Exercise requirements:
Below are records with pictures in them. Output exactly the lines from the one with "Интраназальное введение антигена" through the one with "Der Südhaardter Sportverein", both included, and leave every picture out; give only those lines.
- - - -
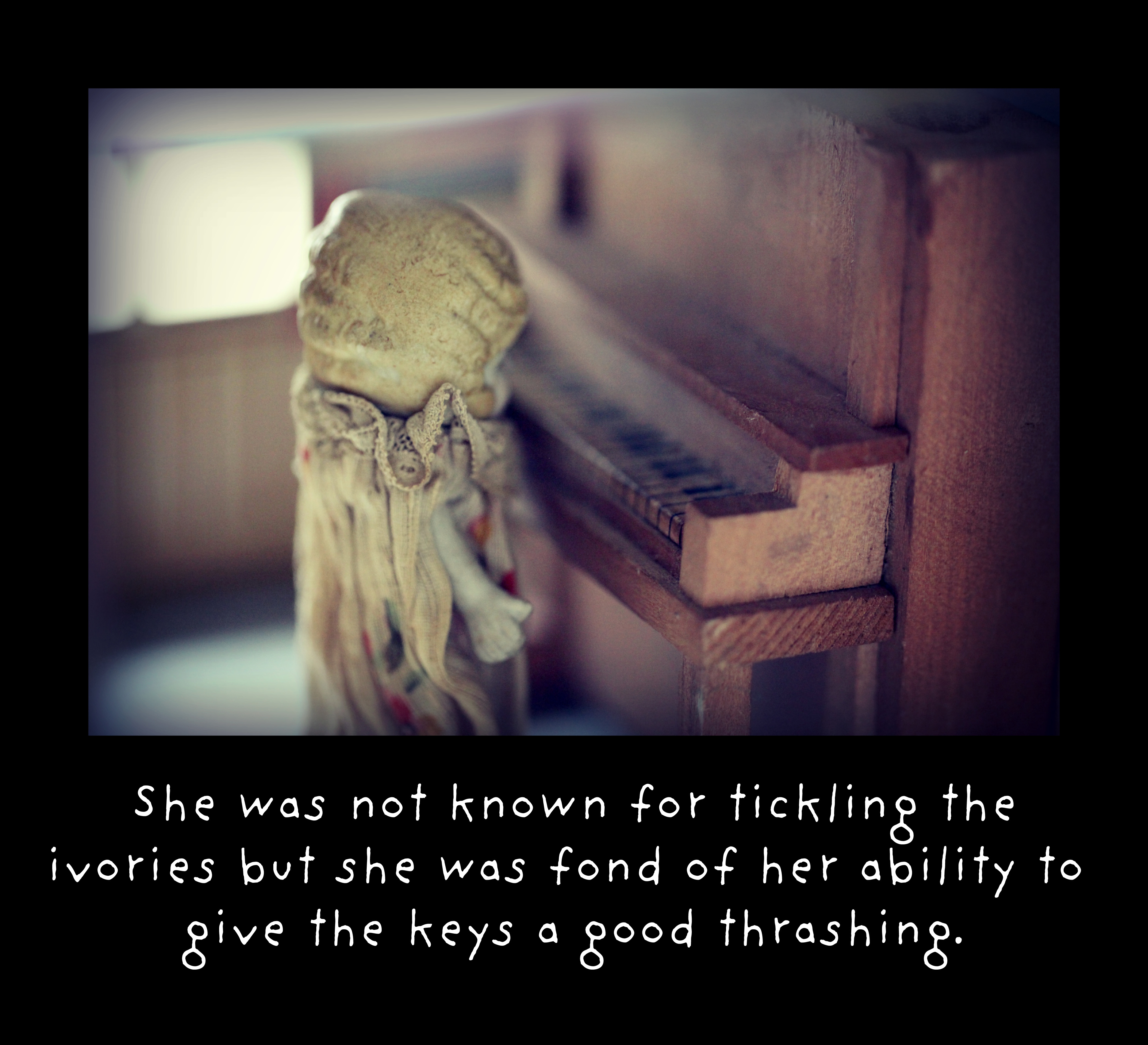 2. She has a look here, as she stares down at the piano keys, of gathering her strength to do just that – give them a good thrashing! I love this little scene.
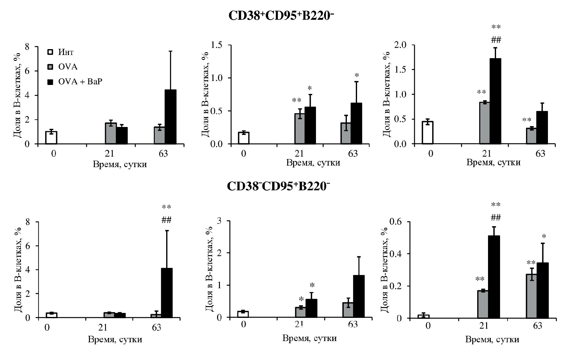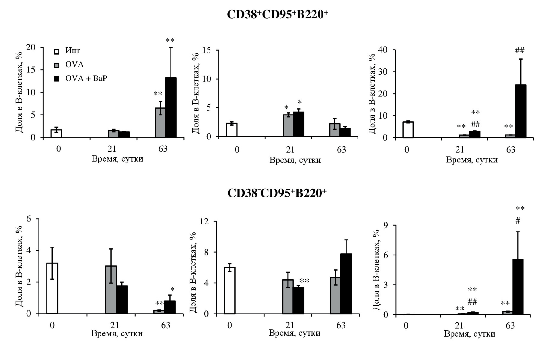 Интраназальное введение антигена в отсутствие дополнительных стимулов не оказывало влияния на изменение субпопуляционного состава и содержания активированных CD38–CD95+B220– и CD38+CD95+B220– плазмабластов [34] в общем пуле В-лимфоцитов легких (рис. 4а, 4г). Введение OVA достоверно повышало содержание этих клеток в региональных лимфатических узлах в образцах, взятых от животных на раннем сроке (рис. 4б, 4д). Кроме того, наблюдали достоверное увеличение содержания CD38–CD95+B220– плазмабластов на раннем и позднем сроках иммунизации в селезенке под действием антигена. В отношении CD38+CD95+B220+ плазмабластов селезенки подобное наблюдали на раннем сроке (рис. 4в, 4е). Введение BaP достоверно и заметно (в ~2–3 раза) повышало содержание субпопуляций активированных плазмабластов в селезенке, но не региональных лимфатических узлах, на раннем сроке (рис. 4в, 4е). В образцах легких, взятых у мышей на позднем сроке, когда происходило формирование продукции IgE, наблюдали повышение содержания активированных плазмабластов в ткани легких, которое было достоверно для CD38–CD95+B220– субпопуляции (рис. 4а, 4г). Хотя поллютант не оказал значительного влияния на накопление субпопуляций CD38+CD95+B220– плазмабластов в региональных лимфоузлах по сравнению с группами мышей, иммунизированных без него, именно в группах с поллютантом сохранилось их повышенное содержание, наблюдавшееся на всех сроках иммунизации по сравнению с интактными животными (рис. 4б). Полученные данные указывают на связь адъювантного воздействия BaP на продукцию специфического IgE, сформировавшуюся на позднем сроке, с накоплением экстрафолликулярно активированных плазмабластов локально, в ткани легких. Также существовала связь между адъювантным влиянием на продукцию специфического IgG1 на раннем сроке иммунизации с усилением накопления под влиянием BaP экстрафолликулярно активированных плазмабластов в селезенке на том же сроке.
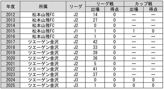 J3リーグ 1試合(0得点)
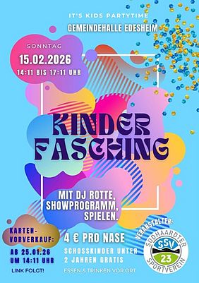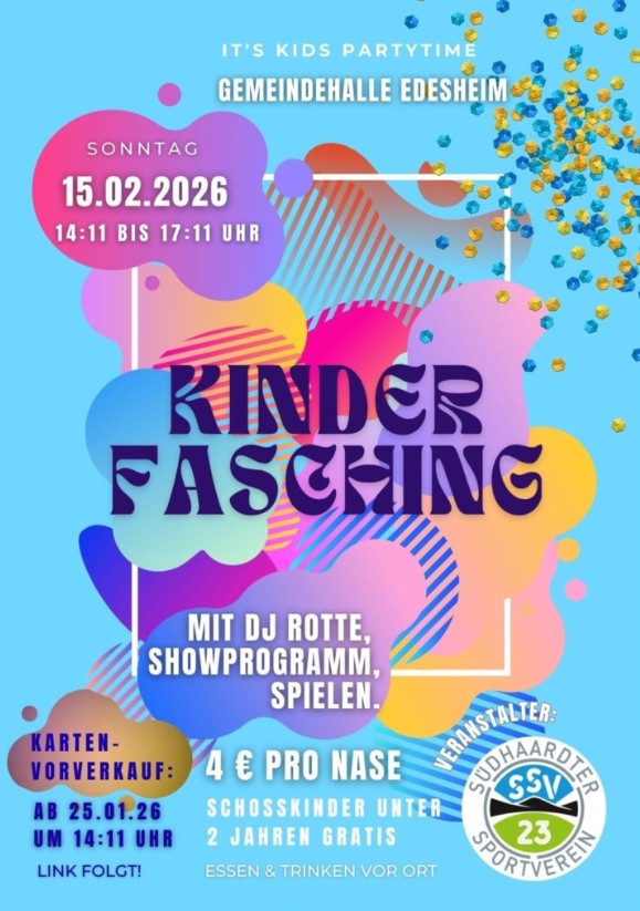 Der Südhaardter Sportverein 2023 e.V. lädt am Faschingssonntag, 15. Februar 2026 von 14:11 Uhr bis 17:11 Uhr die kleinen Jecken zum Kinderfasching in die Gemeindehalle Edesheim ein.
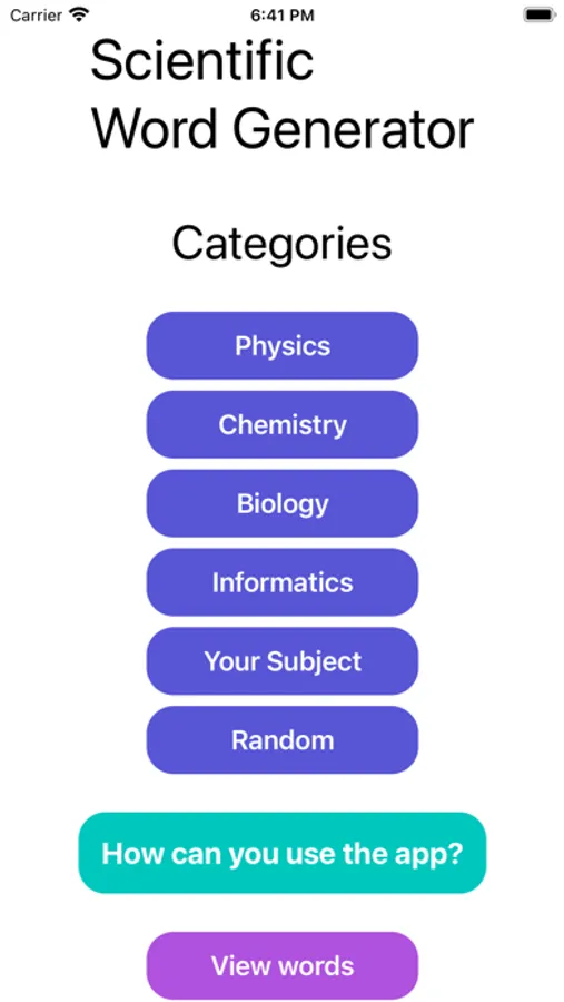 Scientific Word Generator is an application for repeating and using scientific terms of physics, chemistry, biology, informatics. With the help of a word generator, you can organize various games for students who study these subjects in English.
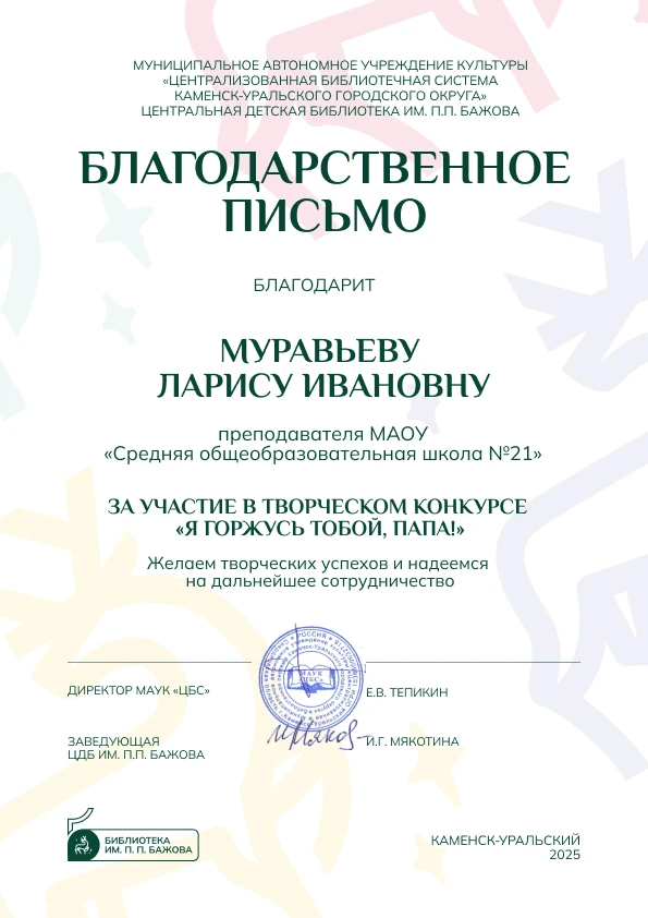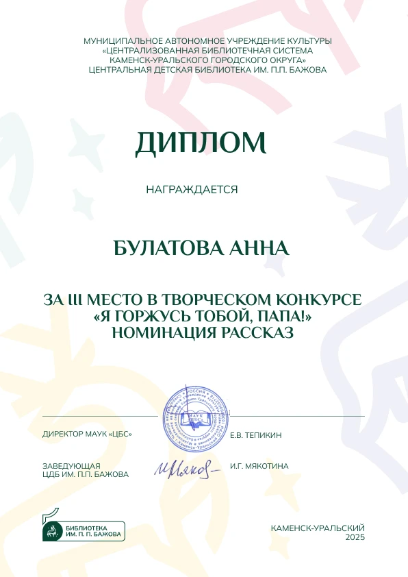 Со 2-3 декабря 2025 года в библиотеке П.П.Бажова были подведены итоги творческого конкурса "Я горжусь тобой,папа!" От нашей школы активное участие приняли учащиеся 5 "А" и 8"Б" классов(учитель Муравьева Л.И.).В номинации "Стихотворение" призером стала Чукреева Варвара (5"А" класс)!!!В номинации "Рассказ" - Булатова Анна(8 "Б"класс)!!!Участники конкурса: Брагина Надежда, Арапов Семён,Козлова Арина, Чукреева Елизавета!!! Поздравляем ребят и надеемся на дальнейшее сотрудничество!!!
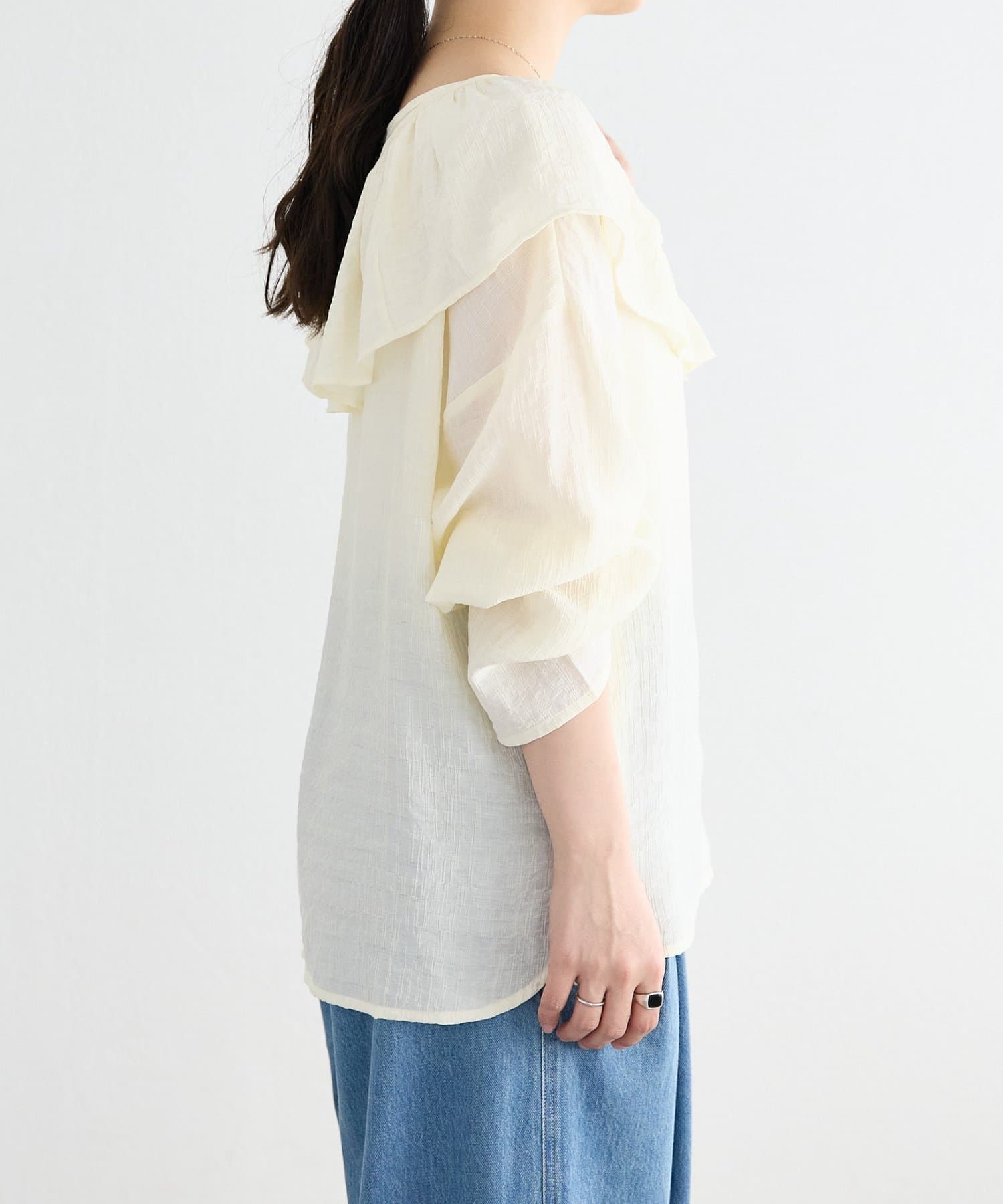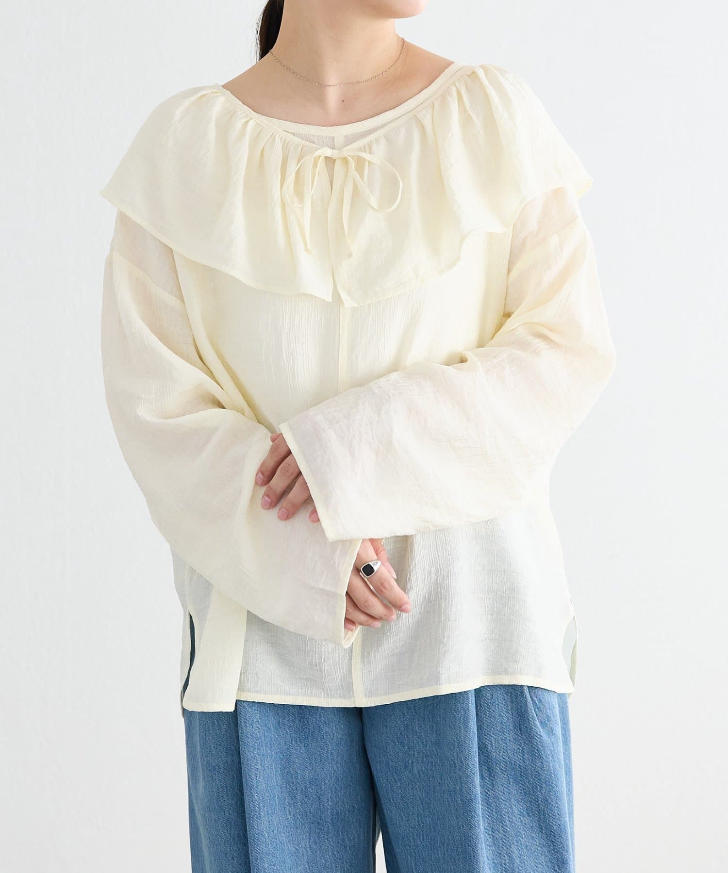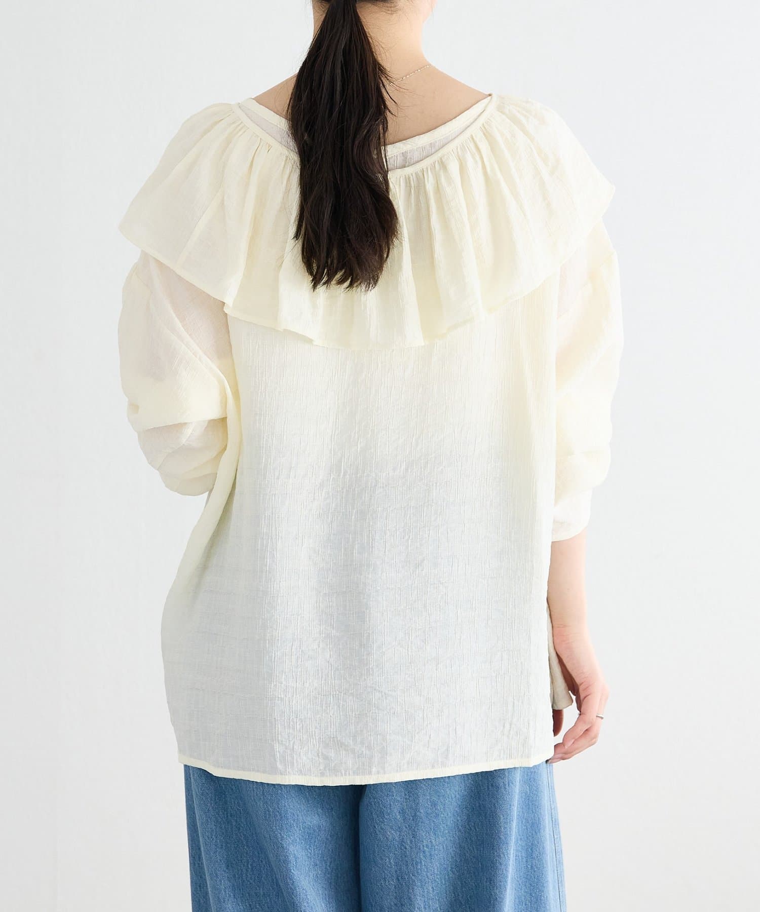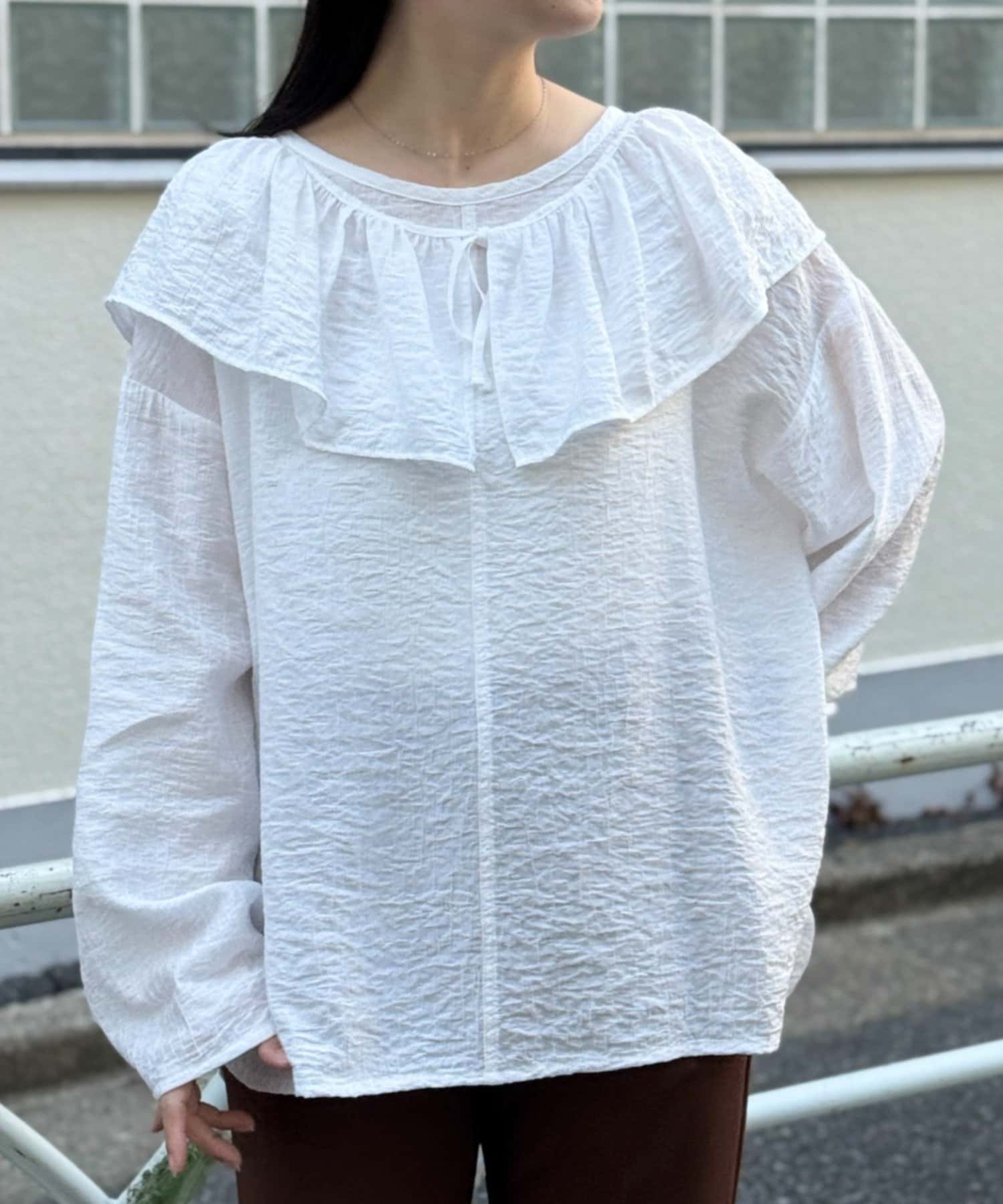 TOP > BEARDSLEY > レディース > トップス > シャツ/ブラウス(プルオーバー) > 1/24(土)11:00予約《FRIPIER》フリルエリツキシャツTee
- - - -
Result:
 Интраназальное введение антигена в отсутствие дополнительных стимулов не оказывало влияния на изменение субпопуляционного состава и содержания активированных CD38–CD95+B220– и CD38+CD95+B220– плазмабластов [34] в общем пуле В-лимфоцитов легких (рис. 4а, 4г). Введение OVA достоверно повышало содержание этих клеток в региональных лимфатических узлах в образцах, взятых от животных на раннем сроке (рис. 4б, 4д). Кроме того, наблюдали достоверное увеличение содержания CD38–CD95+B220– плазмабластов на раннем и позднем сроках иммунизации в селезенке под действием антигена. В отношении CD38+CD95+B220+ плазмабластов селезенки подобное наблюдали на раннем сроке (рис. 4в, 4е). Введение BaP достоверно и заметно (в ~2–3 раза) повышало содержание субпопуляций активированных плазмабластов в селезенке, но не региональных лимфатических узлах, на раннем сроке (рис. 4в, 4е). В образцах легких, взятых у мышей на позднем сроке, когда происходило формирование продукции IgE, наблюдали повышение содержания активированных плазмабластов в ткани легких, которое было достоверно для CD38–CD95+B220– субпопуляции (рис. 4а, 4г). Хотя поллютант не оказал значительного влияния на накопление субпопуляций CD38+CD95+B220– плазмабластов в региональных лимфоузлах по сравнению с группами мышей, иммунизированных без него, именно в группах с поллютантом сохранилось их повышенное содержание, наблюдавшееся на всех сроках иммунизации по сравнению с интактными животными (рис. 4б). Полученные данные указывают на связь адъювантного воздействия BaP на продукцию специфического IgE, сформировавшуюся на позднем сроке, с накоплением экстрафолликулярно активированных плазмабластов локально, в ткани легких. Также существовала связь между адъювантным влиянием на продукцию специфического IgG1 на раннем сроке иммунизации с усилением накопления под влиянием BaP экстрафолликулярно активированных плазмабластов в селезенке на том же сроке.
 J3リーグ 1試合(0得点)
 Der Südhaardter Sportverein 2023 e.V. lädt am Faschingssonntag, 15. Februar 2026 von 14:11 Uhr bis 17:11 Uhr die kleinen Jecken zum Kinderfasching in die Gemeindehalle Edesheim ein.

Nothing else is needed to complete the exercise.